◆ **What this task involves**:
Pictures are to be omitted. Output only the lines from the one containing "Taken by me, Seanmack" through the end of the data, word for word.

◆ **Provided material**:
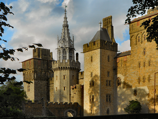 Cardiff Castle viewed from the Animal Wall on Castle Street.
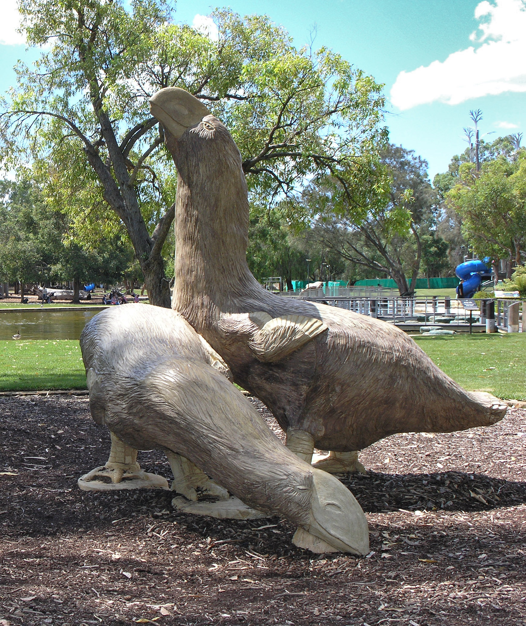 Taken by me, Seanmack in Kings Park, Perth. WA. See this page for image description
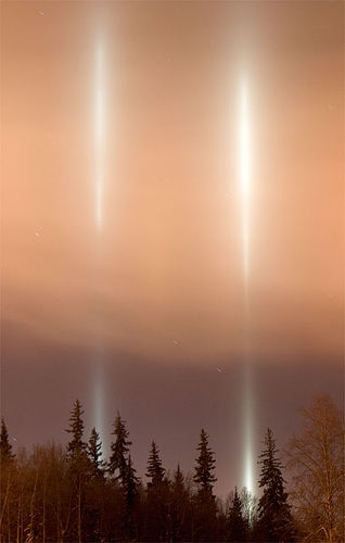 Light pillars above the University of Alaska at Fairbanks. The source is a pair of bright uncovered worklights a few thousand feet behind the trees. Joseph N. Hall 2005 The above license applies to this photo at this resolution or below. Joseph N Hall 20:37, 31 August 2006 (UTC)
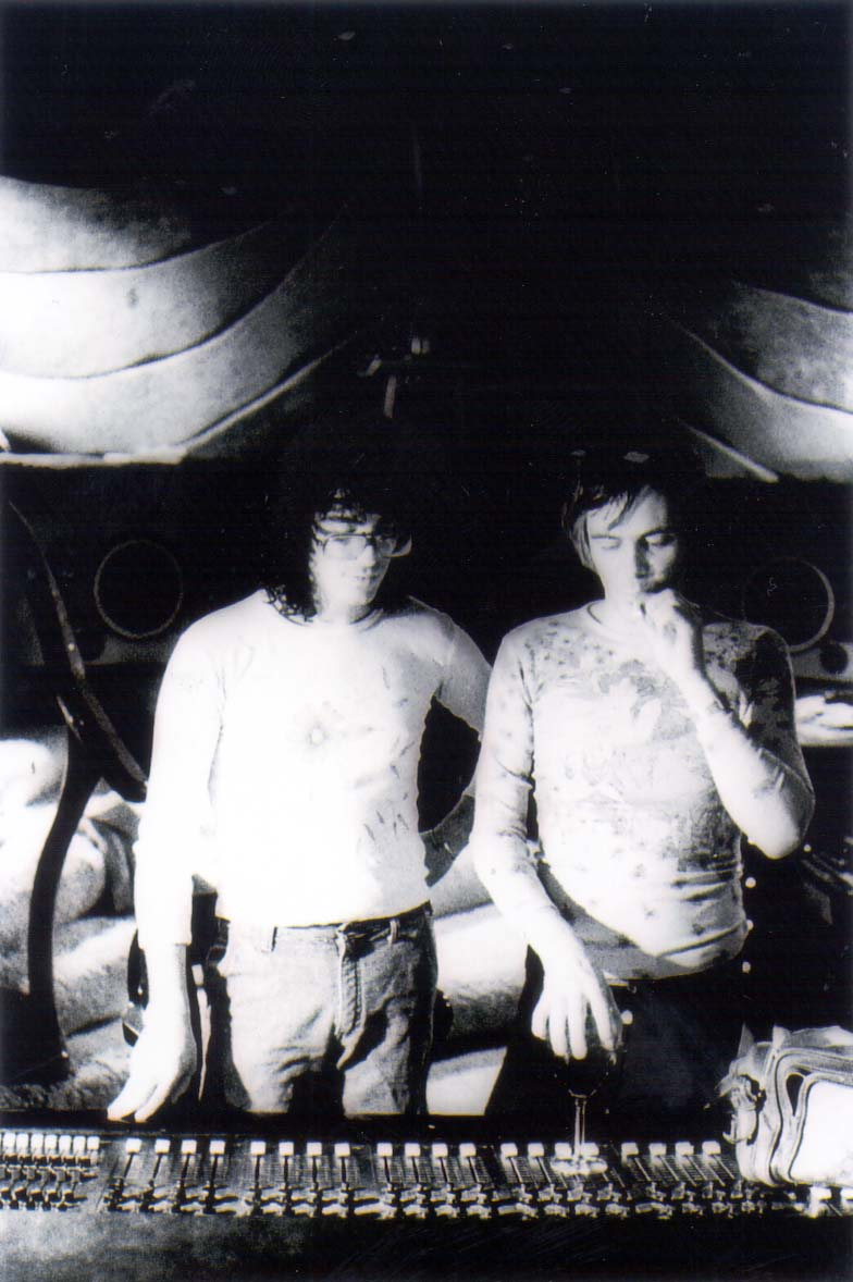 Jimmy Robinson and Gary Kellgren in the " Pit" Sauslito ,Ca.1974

◆ **Reply to the exercise**:
 Taken by me, Seanmack in Kings Park, Perth. WA. See this page for image description
 Light pillars above the University of Alaska at Fairbanks. The source is a pair of bright uncovered worklights a few thousand feet behind the trees. Joseph N. Hall 2005 The above license applies to this photo at this resolution or below. Joseph N Hall 20:37, 31 August 2006 (UTC)
 Jimmy Robinson and Gary Kellgren in the " Pit" Sauslito ,Ca.1974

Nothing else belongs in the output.